Sidereal time represents the orientation of the celestial system of right ascension with respect to the terrestrial system of longitude. Local sidereal time is usually defined as the local hour angle of the equinox (‘First Point of Aries’). An equivalent definition is that it is the right ascension of the local meridian. The direction of the equinox is the line of intersection of the ecliptic (the mean plane of the Earth’s orbit around the Sun) with the plane of the Earth’s equator; it is used as the zero of right ascension. Sidereal time may be determined by observing stars, whose right ascensions are assumed to be known, as they cross the observer’s meridian. The local sidereal time (LST) at a place differs from Greenwich sidereal time (GST) by the longitude of the place measured from the Greenwich meridian according to the expression

   LST = GST + east longitude

where longitude is measured in time-units at the rate of 15° = l h.

The precession of the Earth’s axis of rotation around the pole of the ecliptic causes a slow drift of the equinox with respect to the stars. Consequently, the mean length of the sidereal day is slightly shorter than the period of rotation of the Earth with respect to an inertial frame. The luni-solar forces acting on the Earth also cause an oscillatory nutation that is superposed on the precessional drift. It is therefore necessary to distinguish between apparent sidereal time and mean sidereal time, where the latter is free from the quasi-periodic irregularities due to nutation. The obliquity of the ecliptic (the inclination of the ecliptic to the plane of the equator) is also affected by the nutation of the axis of rotation of the Earth.
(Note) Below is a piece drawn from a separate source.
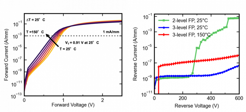 制造的 GET-SBD 的特性顯示(左)在 25°C 下以半對數(shù)刻度顯示 0.91V 的低開啟電壓,以及(右)兩種不同陽極的低反向漏電流(25°C 時為 2 nA/mm)在 25 和 150°C 下評估的場板配置。
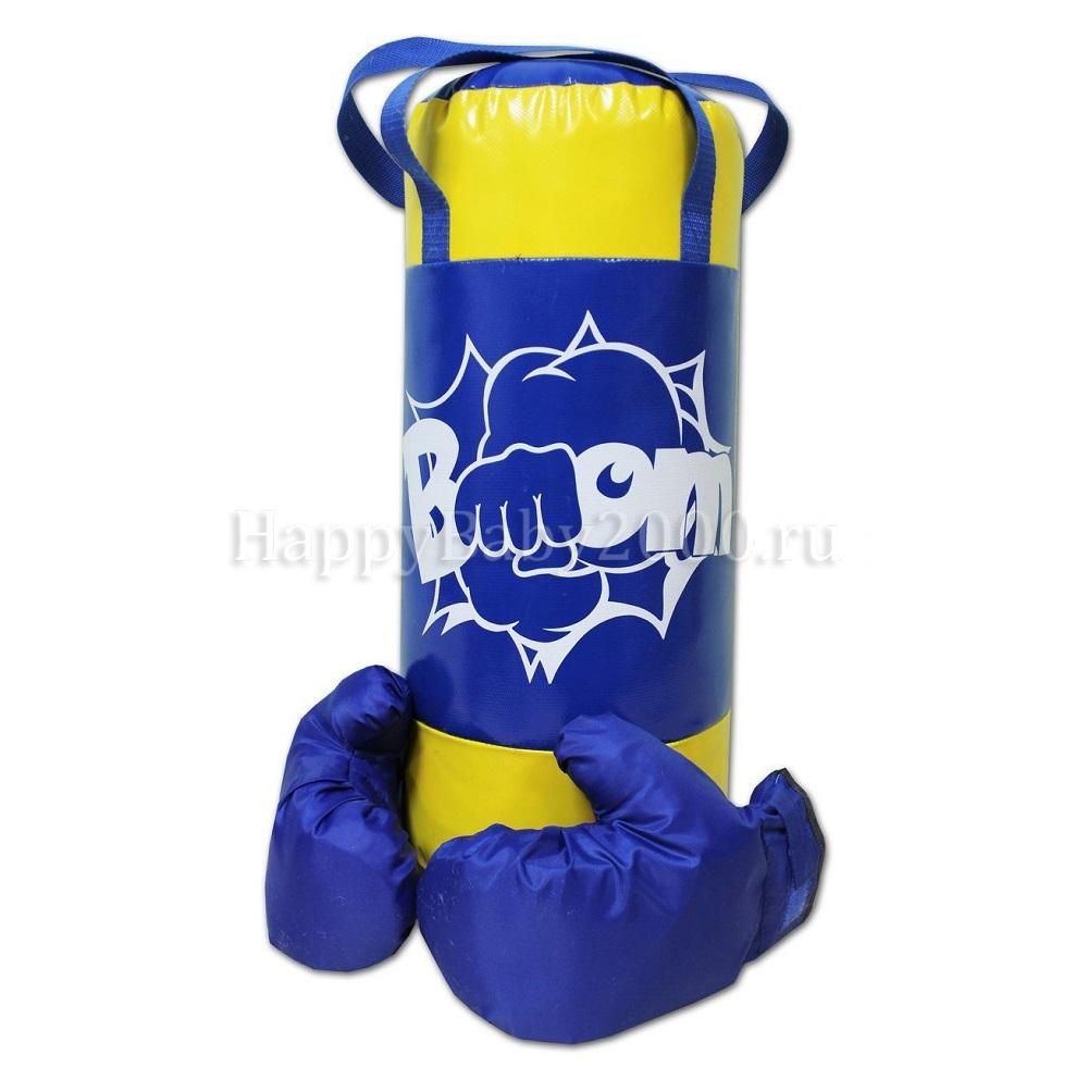 Детский боксерский мешок высотой 60см и диаметром 25 см (вес 3 кг.) с перчатками отличается от остальных мешков тем, что он плотно набит синтепоном и измельченными обрезками ткани. Перчатки внутри проложены пенофолом. Подвесы на стропе и «липучке».

The effects of nutation are computed from an adopted numerical series, the principal terms of which are given in next section.

Observations of local sidereal time are also affected by the motion of the axis of rotation with respect to the axis of figure of the Earth. This ‘polar motion’, which also causes variations in the latitudes of the observing site with respect to the celestial equator, is unpredictable and must be determined from observations at two or more sites. Its principal components are an annual term and a ‘Chandler wobble’, whose period is about 427 days; the amplitude of the polar motion is usually less than 0″.3, corresponding to a displacement of about 9 m on the surface of the Earth.



Universal time

Universal time (UT) is formally defined in terms of Greenwich mean sidereal time (GMST) by a conventional expression (see Section 2.7.2) that ensures continuity with past practice and yet frees UT from irregularities that would arise if UT were defined in terms of the hour angle of the Sun. (In effect, UT is equivalent to 12h plus the Greenwich hour angle of a fictitious mean sun.) Even so, UT does not provide a uniform timescale since the rate of rotation of the Earth, and hence the length of the day in SI units, is subject to secular, irregular and quasi-periodic changes due to many different causes. During the course of a year the length of the day varies by about 1 ms (i.e. 1 part in 108) about its mean value. During the course of a decade the mean value may change by as much as 4 ms. During the course of a millenium the mean value increases by about 20 ms as a result of ‘tidal friction’.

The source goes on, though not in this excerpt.